One woman somewhere near the head of the queue starts shouting. There’s about to be a discounted-offal-free-for-all but Aunt Freyja, sensible as she is, tells me to wait with the shopping cart. Things have soon died down.
“What did you tell her?”.
“I told her that there was enough for everyone. The rule is everyone only gets one offal set”.
I look behind us, and the queue of women and supermarket carts is now around the corner. There clearly isn’t enough for all. The white boxes will soon be finished. We make it to the front of the line by the skin of our teeth. There are only five boxes left. Aunt Freyja takes the lot. Then looks back at the heavy-set woman behind us, smiles and puts three back.
“Here take this”. She hands me one. “You go into a separate line”, she whispers, and swooshes along the canned goods aisle, throwing in a few cans of Ora peas, a jar of Danish red cabbage. On the way home, we stop in at Vínbúð and pick up a three bottles of Brennivín (Icelandic aquavit or schnapps).
I can already start to smell the defrosting blood. “You’d better put on some old clothes for this”, she says, rolling up her sleeves and pulling out a semi-coagulated plastic bag full of blood.
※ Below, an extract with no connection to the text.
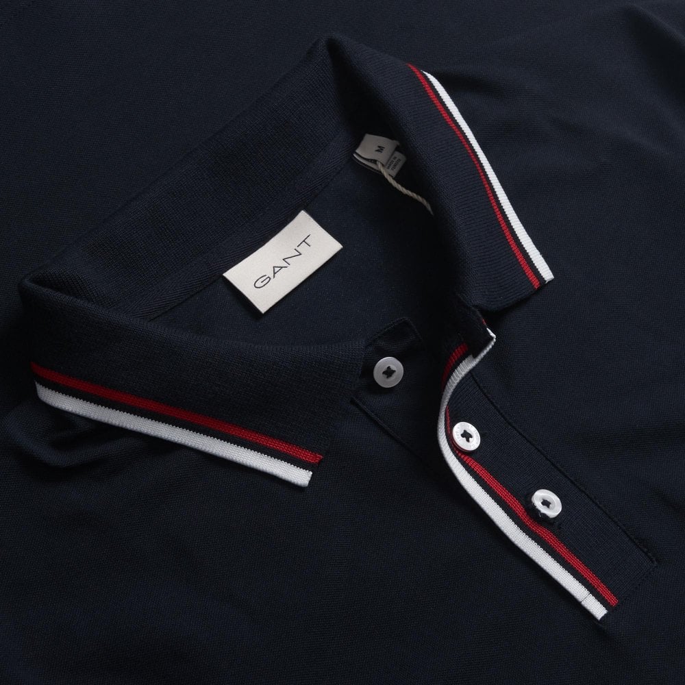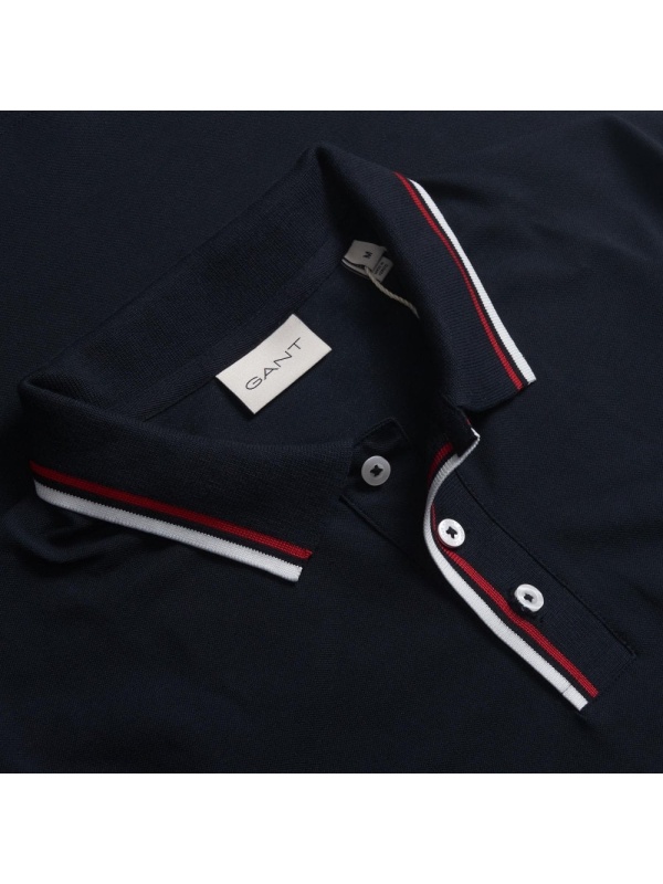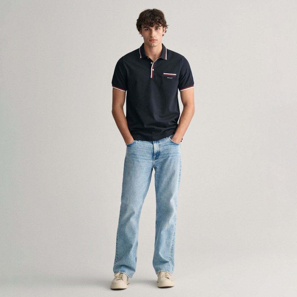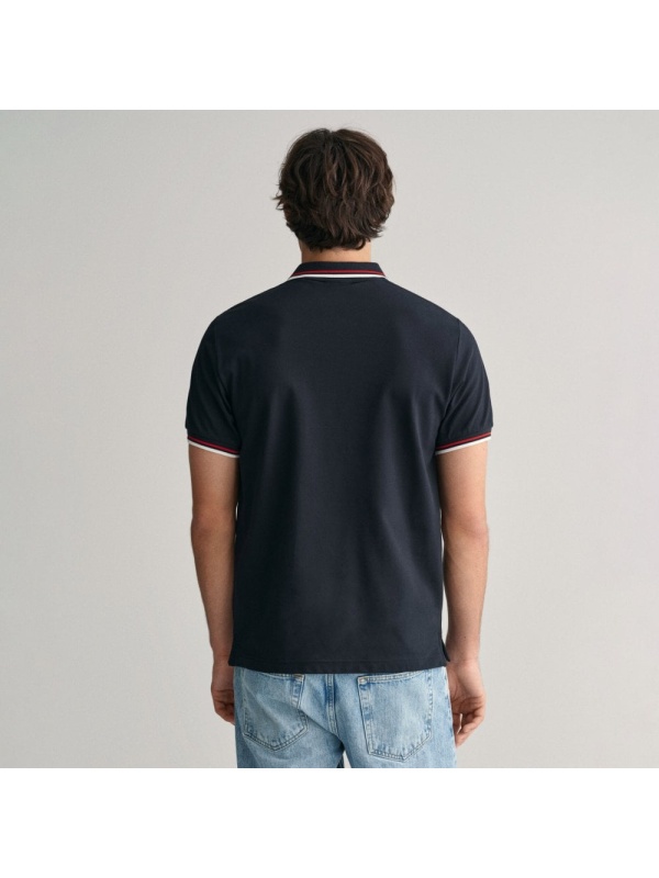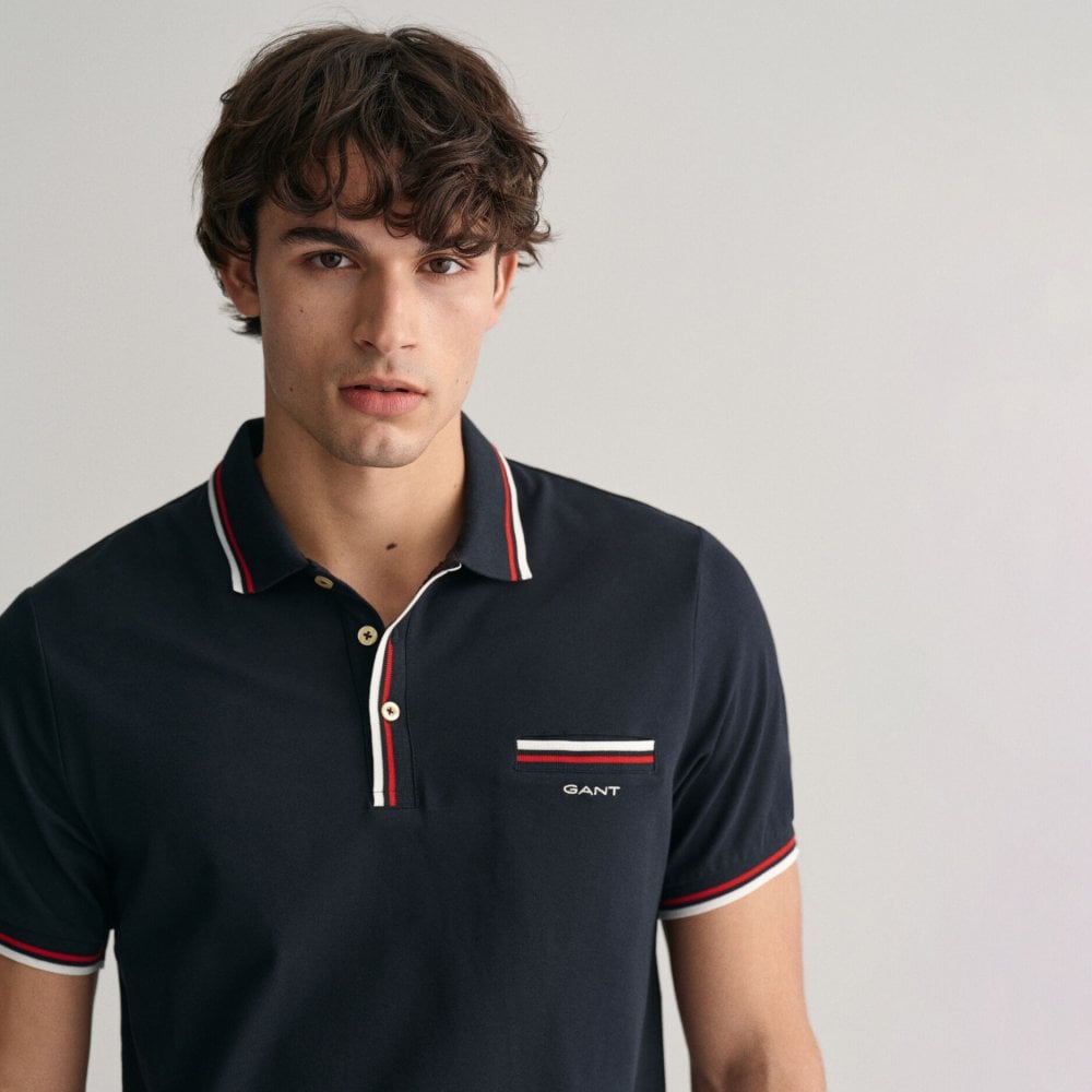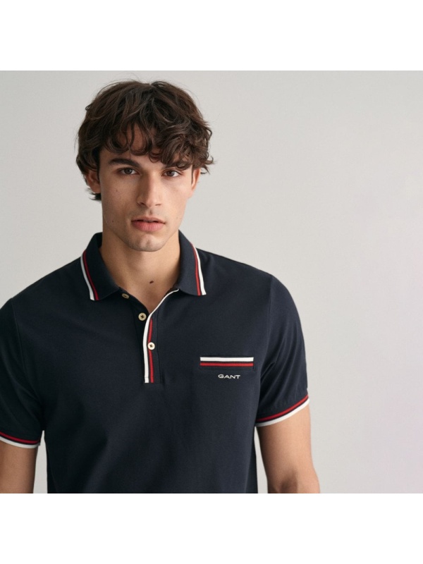 Gant ανδρική πόλο μπλούζα πικέ με τσέπη και contrast ρίγες στα τελειώματα Regular Fit 2013042

Three shots of Brennivín later, the whole thing doesn’t seem quite that repulsive. I mean, Scotland has haggis, England and Ireland have black (blood) pudding and the Spaniards fry blood in the pan or mix it in with scrambled eggs.
I’m designated the blood pudding maker. All I have to do is sieve the blood, mix in a bowl with salt, pepper, rye, oats and a generous portion of chopped sheep fat; then comes the best part: you mix this stuff together with your hands until it’s the right consistency to be poured into a sheep’s stom-ach. Aunt Freyja takes on the job of sewing the stomach up with cotton, boiling the Frankenstein-looking balls, and dunking them in the sour whey mixture. Months later in January, the morning before Uncle Guðmundur’s arrival, Freyja takes me on another shopping spree. On this trip, she picks up a little sour whale blubber, a jelly-loaf-pate made with ram’s testicles, a tub of fermented shark or hákarl (believe me, an acquired taste), some head cheese, and a few bags of harðfiskur (wind-dried fish)—her particular preference is haddock for its hardier flavour.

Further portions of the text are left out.